** ACTIVITY **
In the records below, find the line that contains "並行して、年末に老人会が中心となって作った飾りを組み立てて、竹に挟み込みます。" and the line that contains "El promedio de". Set down exactly those lines and every line between them, and nothing more.

** MATERIAL SUPPLIED **

..............................

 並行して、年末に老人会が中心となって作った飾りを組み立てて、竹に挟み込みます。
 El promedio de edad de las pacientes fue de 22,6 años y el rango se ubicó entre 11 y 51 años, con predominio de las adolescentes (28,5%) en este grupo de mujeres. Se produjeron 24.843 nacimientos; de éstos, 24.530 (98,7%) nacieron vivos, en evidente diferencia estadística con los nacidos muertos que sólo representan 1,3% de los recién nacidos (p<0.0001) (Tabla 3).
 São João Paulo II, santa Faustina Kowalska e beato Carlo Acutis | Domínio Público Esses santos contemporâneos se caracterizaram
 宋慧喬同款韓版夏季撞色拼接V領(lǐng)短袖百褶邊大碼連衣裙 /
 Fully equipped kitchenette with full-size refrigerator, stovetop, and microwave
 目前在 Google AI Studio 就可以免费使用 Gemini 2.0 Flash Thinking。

..............................

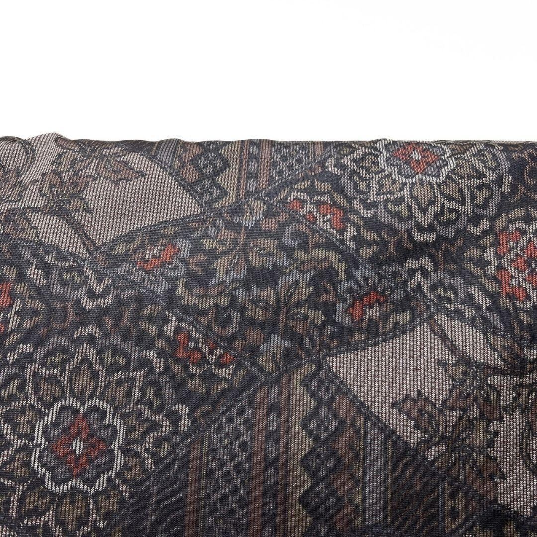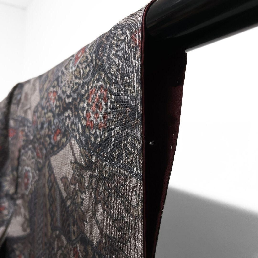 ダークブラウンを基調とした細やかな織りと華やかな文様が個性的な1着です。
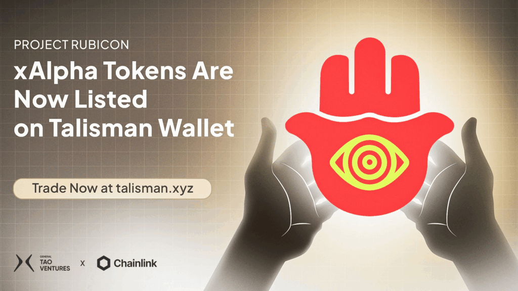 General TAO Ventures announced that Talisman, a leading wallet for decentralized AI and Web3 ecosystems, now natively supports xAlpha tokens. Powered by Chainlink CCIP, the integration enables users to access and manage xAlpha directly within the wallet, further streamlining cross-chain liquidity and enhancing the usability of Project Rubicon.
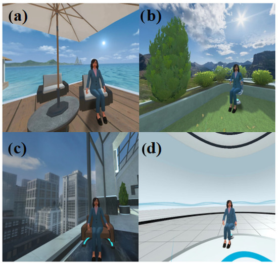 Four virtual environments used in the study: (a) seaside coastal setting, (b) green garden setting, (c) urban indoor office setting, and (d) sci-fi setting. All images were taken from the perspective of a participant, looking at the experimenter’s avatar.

..............................

** ANSWER TO THIS PROBLEM **
 並行して、年末に老人会が中心となって作った飾りを組み立てて、竹に挟み込みます。
 El promedio de edad de las pacientes fue de 22,6 años y el rango se ubicó entre 11 y 51 años, con predominio de las adolescentes (28,5%) en este grupo de mujeres. Se produjeron 24.843 nacimientos; de éstos, 24.530 (98,7%) nacieron vivos, en evidente diferencia estadística con los nacidos muertos que sólo representan 1,3% de los recién nacidos (p<0.0001) (Tabla 3).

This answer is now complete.